Zayn: O Liam tem razão. 
Hope: É mas vocês não entendem, se nós não o matarmos de uma vez, ele nos mata. 
Liam: Mas nós já tentamos de mais, podemos simplesmente nos dividir e tentar levar uma vida normal? -eles se encaravam. -Se tentarmos vamos perder mais de nós. 
Hope: Melhor do que não tentar. -disse firme. -O recado foi claro. -levantou o livro que escrevia antes.
Harry: Como foi que isso aconteceu, a verdade?-se levantou da cadeira em direção a cozinha. 
Hope: Ele me mandou uma mensagem por telocinese, eu senti vibrações que formaram imagens no meu cérebro. Ronald estabeleceu uma ligação comigo de alguma forma, eu não sei como ele fez isso, teria que ter uma grande concentração de poder. Consegui receber seu recado. Foi claro. Ele quer terminar isso de uma vez por todas. "A guerra terminará essa noite", ecoou na minha mente. Eu pude ver...aqueles olhos. -ela parecia aterrorizada. 
XXX: Do que estão falando?-Louis apareceu descendo as escadas, tinha ficado com Kim até agora. 
Liam: Não importa, ele está nos atraindo para acabar com a gente, deve com toda a certeza ter ficado muito furioso por termos matado boa parte do exército dele. E agora somos em poucos, não temos o Niall, nem a Victoria pode lutar.
Louis: Temos a Kim. Ela tem muito mais poder agora. 

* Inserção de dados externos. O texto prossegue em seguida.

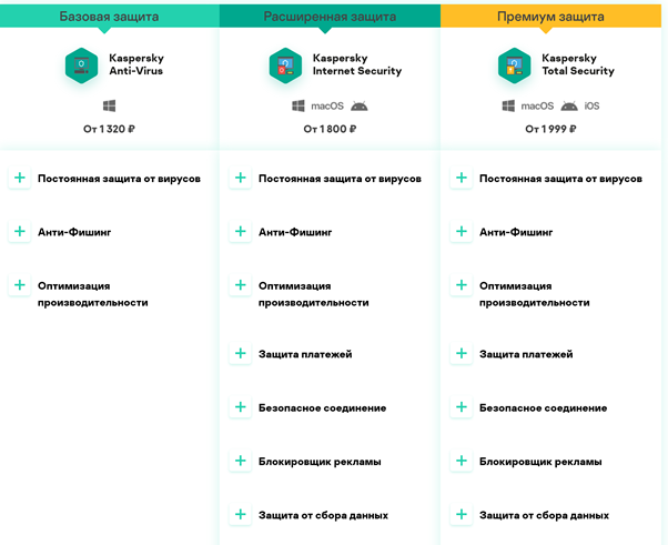 Цена на KIS зависит от редакции, количества устройств и срока лицензии. Если вам нужен только антивирус, то цена начинается от 1320 рублей в год. Комплексная защита без мобилок обойдётся от 1800 рублей в год. А самый максимум будет стоить от 1999 рублей.

Hope: Não é bem assim, ela virou uma colecionadora de almas. E aqueles vampiros não tem almas. 
Louis: Eu sei, mas insisto. Ela está forte. 
Harry: Ele tem razão. Vamos acabar com ele, pela ultima vez. Quais imagens você viu, Hope?-ela fechou os olhos, tentando lembrar. 

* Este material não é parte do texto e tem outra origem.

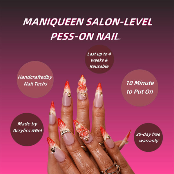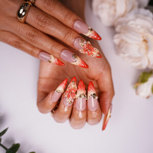 + Free Shipping“Coral Majesty” nail art combines a soft nude – to – coral gradient with 3D floral details and golden, pearl – like adornments. It creates a luxurious and graceful look, evoking the beauty and charm of coral reefs, perfect for those who desire a sophisticated and ocean – inspired nail style.

Liam: Vocês estão insanos?!
Hope: Primeiro tudo escuro, depois...neve. Um lugar com muita neve. Deserto, árvores, perto de uma lanchonete com uma placa...
Zayn: Claro! Onde matamos a Merlin, eu me lembro! 
Liam: Pera aí, vocês não estão mesmo pensando em ir lá, não é? Eu não vou por tudo a perder outra vez!-Hope se aproximou dele. 
Hope: Não temos mais nada a perder. Se não lutarmos até o fim, ele vai nos perseguir para sempre, não importa onde formos. -encarava Liam nos olhos. -Eu não vou deixar que Niall tenha morrido em vão. -disse firme e fechou o livro rispidamente saindo da sala. Liam bufou. Não era possível que estivesse decidido. 



Enquanto o sol se punha por detrás das montanhas, Victoria olhava para o vidro pouco sujo do carro de Hope na qual Zayn Malik dirigia. O plano era bruscamente tentado ser esquecido por ela enquanto olhava para aquela infinita linha de cores entre marrom e verde que as árvores davam efeito enquanto ela estava em movimento. Eles estavam numa estradinha de asfalto não muito movimentada, fazia um pouco mais de meia hora que haviam saído da parte movimentada de Manhattan e entrado naquela espécie de "interior". Victoria sentia sua cabeça latejar de estar ali, talvez fosse o efeito do veneno agindo em seu sangue. Tudo bem que aquilo era sangue morto de vampiro, mas ela gostava de pensar como se fosse veneno. Além de soar mais atraente era exatamente o que era em seu corpo. Ficaram um tempo na estrada praticamente deserta, até passarem a lanchonete que Victoria se lembrava de ter se encontrado com Zayn quando iam matar Merlin, depois passaram pela fabrica e cada vez mais aquele lugar era deserto. Nem parecia que fazia parte de Nova York. Estava nevando forte agora, o carro foi estacionado num terreno vazio e Liam desceu do carro após murmurar algo para os outros. Victoria estava tão mal que nem pode ouvir o que era. Em seguida ele desceu e deu a volta no carro, indo até a porta dela e abrindo-a. 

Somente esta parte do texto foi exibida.